I use anywhere from 30-80% lard in soap. When I first used it, I did 80% lard, 15% coconut & 5% castor, just so I could really see what it was about. I liked that recipe so well that it's common in my rotation.


----------



## nebetmiw (Mar 21, 2015)

I use a 4 oil recipe. My lard is between 25 and 30 percent.

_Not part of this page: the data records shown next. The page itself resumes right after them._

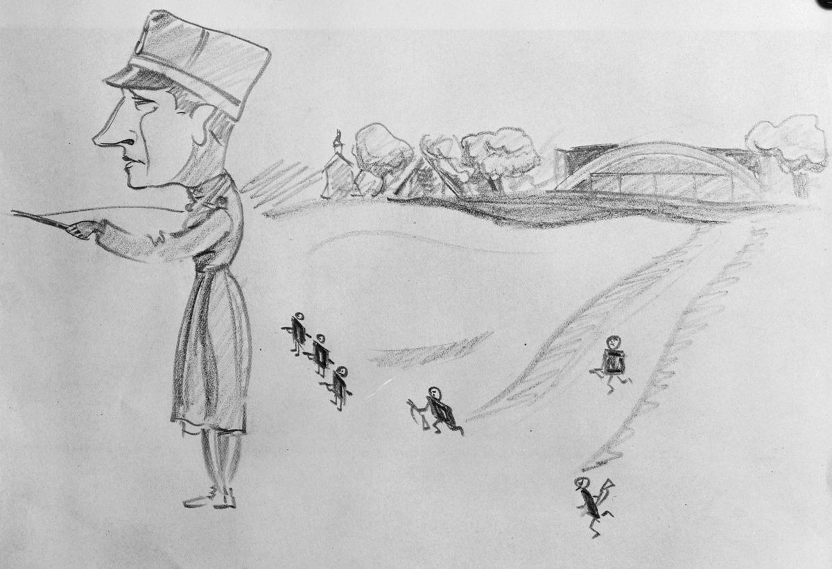 Karikatyrteckning av löjtnant Lindskog ur flygvapnet vid F 3 Malmen. Avfotograferad teckning.
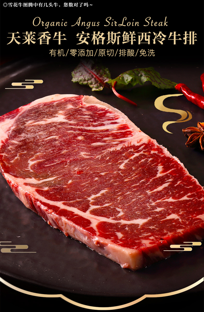 【冷鲜预售】有机天莱香牛国产安格斯西冷牛排180g/盒*5盒 原切外脊
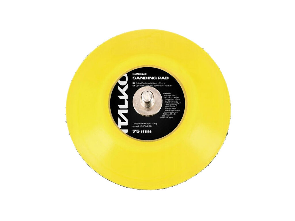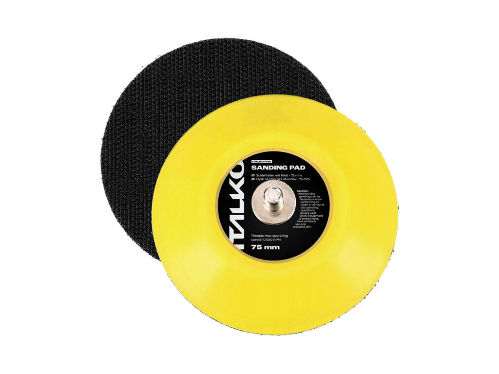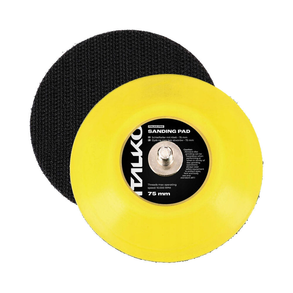 Univerzální podložný talíř o průměru 75 mm střední tvrdosti, se závitem M6. Ideální pro broušení i leštění detailů.
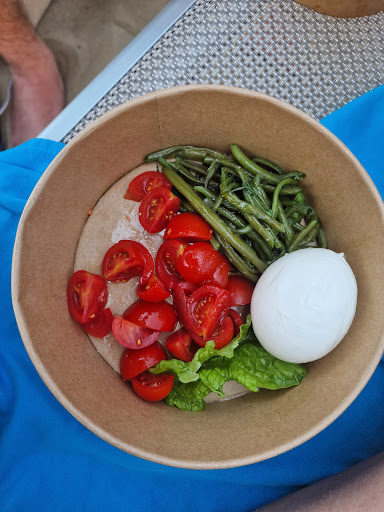 Read moreAbbiamo prenotato una postazione tramite il sito,due lettini un ombrellone a 32 euro. Arrivati una signora gentilissima ha consegnato braccialetto con cauzione di 10 euro per le doccia, restituita. La nostra postazione era infondo, e chi si trovava al banco non aveva ben chiaro quale fosse la postazione però il bagnino subito ci ha portato alla postazione. Spiaggia pulita Il problema sovviene a pranzo, intanto nel sito c'è un menu totalmente differente da quello che poi realmente è presente nel bar/ristorante. Costi davvero alti. Alle 12 e 55 volevamo pagare insalata scelta ma c'è stato comunicato che la cucina apriva alle 13 quindi scontrino dopo le 13. Alle 13 ordiniamo due insalate, ripeto menu anche un po ridotto soprattutto se asporto in quanto tavoli già al completo. Attendiamo in nostro turno e vediamo che il cameriere che gestisce le comande d asporto verifica le ordinazioni,quindo non gli sfugge completamente la quantità che c'è all interno, consegna gentilmente in un sacchetto, ci rendiamo conto arrivati alla postazione la quantita davvero ridicolo per quanto abbiamo pagato. Insalata tricolore 16 euro, ho fatto la foto e tenete conto che mezzo contenitore era vuoto, ho spostato il pomodoro pensando che era un po di più. Credo che sia improponibile un insalata di queste quantità inoltre il ragazzo ha visto le nostre ordinazioni quindi ha anche visto le quantità,parliamo di pomodore fagiolina e una mozzarella, non sn cifre così esorbitanti da poter giustificare tale costo. Nei giorni successivi alcune persone del posto hanno sconsigliato proprio di mangiare la per questo costo elevato in base alle quantita e qualità. Totale euro con bottiglia d acqua 34 euro. La postazione tutto il giorno è venuta 32. Si consiglia il lido per la posizione ma 0 la cucina. Consiglio? Riadeguate il menù perché se già pago la postazione non posso pagare 34 euro di 10 ciliegini, due foglie di basilico(illusa che era una foglia di lattuga) due mozzarelle e all incirca 40gr...
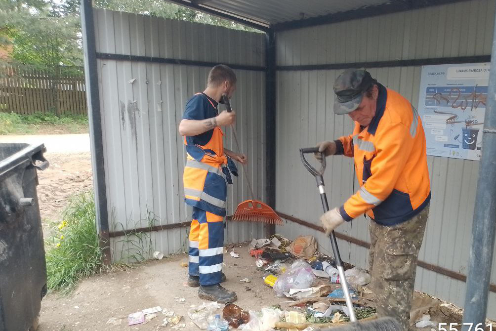 Сотрудники муниципального учреждения «Благоустройство» ежедневно приводят в порядок места сбора ТКО в населенных пунктах Рузского городского округа.

I have done 50 too.


----------



## Sonya-m (Mar 22, 2015)

My favourite is:

75% lard
20% CO
5% castor

Someone on here recommended this (Obsidian?) and I love it


----------



## Susie (Mar 22, 2015)

I have a batch of Lard 80%, CO 20% curing right now.  I called it "A Little Piggy" and colored it pinkish.  I can't wait to try it.  I did add sugar, though, to boost bubbles.


----------



## Irishgem29 (Mar 22, 2015)

Thank you all so much. I got a headache trying to come up with something. These are great ideas.  Now I can make some more soap!


----------



## Seawolfe (Mar 22, 2015)

Susie said:


> I have a batch of Lard 80%, CO 20% curing right now.  I called it "A Little Piggy" and colored it pinkish.  I can't wait to try it.  I did add sugar, though, to boost bubbles.



Hahaha every time I make an 80% lard batch it ends up with "piggy: in the name: "Orange piggy", "blue piggy" and right now theres "meadow piggy" 
+1 to the sugar


----------



## Jackofhearts (Mar 24, 2015)

I have a batch that just came out of cure, the oil bill is:
95% Lard
5% Castor oil

with a 5% superfat and the FO is BB's Cedar & Saffron

I'll admit it's not very lather-y but it does fine and its performance is my wife's favorite of any batch I've made thus far.


----------



## lsg (Mar 25, 2015)

You could try 65% lard, 30% coconut oil and 5% Castor oil.  It would be a sudsy, high cleansing bar.  Or, 55% lard, 25% coconut, 15% cocoa butter and 5% Castor for a hard bar that is not so cleansing.


----------



## Susie (Mar 26, 2015)

I just tried that 80% lard, 20% coconut oil soap this morning.  It is absolutely amazing!  The creamiest lather I have EVER experienced.  I will add castor oil at 5-6% next time.  I can only imagine what that soap is going to be like...and I have too much soap on hand to make it tomorrow.


----------



## regansoap (Apr 3, 2015)

Lard is cheap and amazing - well done


----------



## Irishgem29 (Apr 25, 2015)

So I ended up using.....
16 oz lard
4oz coconut
2.78 oz lye
7.6 distilled h20
I also added about 1t alkanet powder for color and lavender & lemon eo.
I will be trying it out next!

Now that i has been enough time to cure that is


----------